* [Assignment]
Look below for the line with "D13, футбольный клуб"; begin the copy there and stop after the line with "5-in-1 Glass Air", keeping the text exact and the pictures out.

======== The data

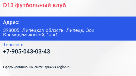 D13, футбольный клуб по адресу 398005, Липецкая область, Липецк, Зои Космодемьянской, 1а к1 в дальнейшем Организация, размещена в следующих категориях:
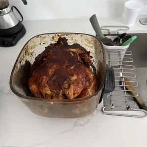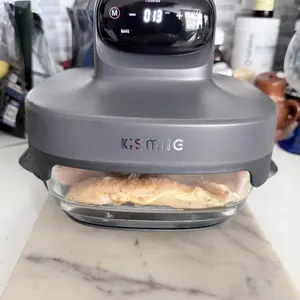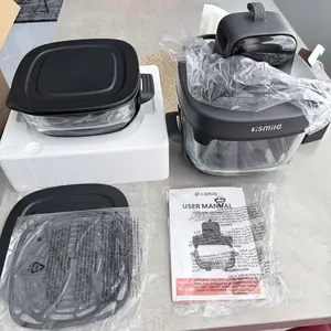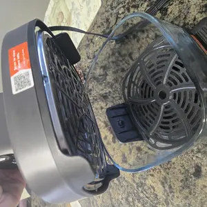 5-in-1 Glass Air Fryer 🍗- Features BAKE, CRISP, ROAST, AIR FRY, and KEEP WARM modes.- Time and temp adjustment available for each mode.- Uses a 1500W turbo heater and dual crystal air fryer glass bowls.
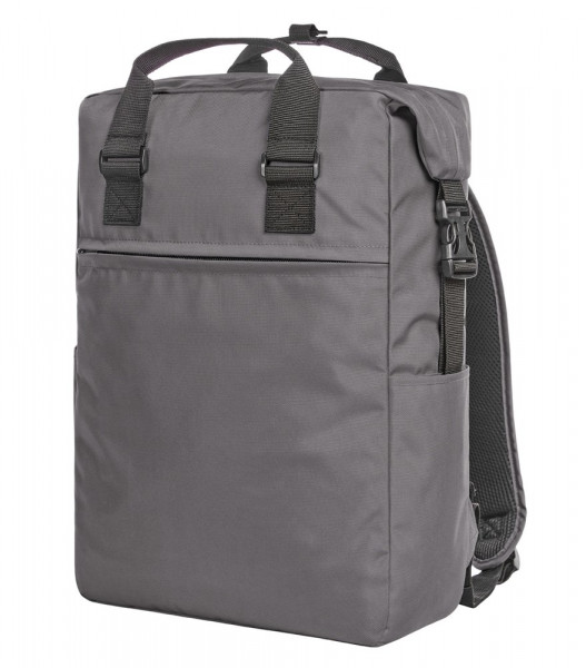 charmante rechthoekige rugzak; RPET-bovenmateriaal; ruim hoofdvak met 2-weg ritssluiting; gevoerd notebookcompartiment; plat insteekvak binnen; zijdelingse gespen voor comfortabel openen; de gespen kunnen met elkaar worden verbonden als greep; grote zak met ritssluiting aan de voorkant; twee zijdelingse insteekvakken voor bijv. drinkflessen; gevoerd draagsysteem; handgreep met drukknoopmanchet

================
======== The data

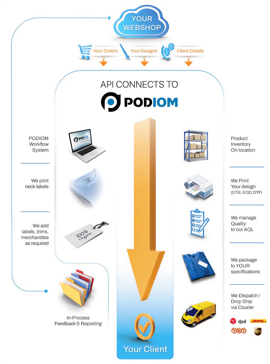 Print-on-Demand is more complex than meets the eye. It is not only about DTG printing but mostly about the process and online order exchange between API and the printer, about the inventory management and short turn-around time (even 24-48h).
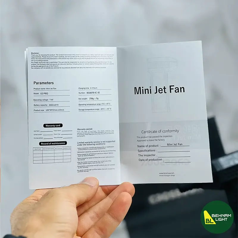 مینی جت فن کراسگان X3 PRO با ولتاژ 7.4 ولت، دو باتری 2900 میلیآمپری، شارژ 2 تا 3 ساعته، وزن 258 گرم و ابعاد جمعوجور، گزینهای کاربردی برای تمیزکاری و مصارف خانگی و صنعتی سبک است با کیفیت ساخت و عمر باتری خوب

================
======== The data

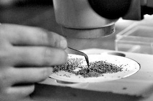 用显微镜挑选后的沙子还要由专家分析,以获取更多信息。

================

* [Response to this task]
 D13, футбольный клуб по адресу 398005, Липецкая область, Липецк, Зои Космодемьянской, 1а к1 в дальнейшем Организация, размещена в следующих категориях:
 5-in-1 Glass Air Fryer 🍗- Features BAKE, CRISP, ROAST, AIR FRY, and KEEP WARM modes.- Time and temp adjustment available for each mode.- Uses a 1500W turbo heater and dual crystal air fryer glass bowls.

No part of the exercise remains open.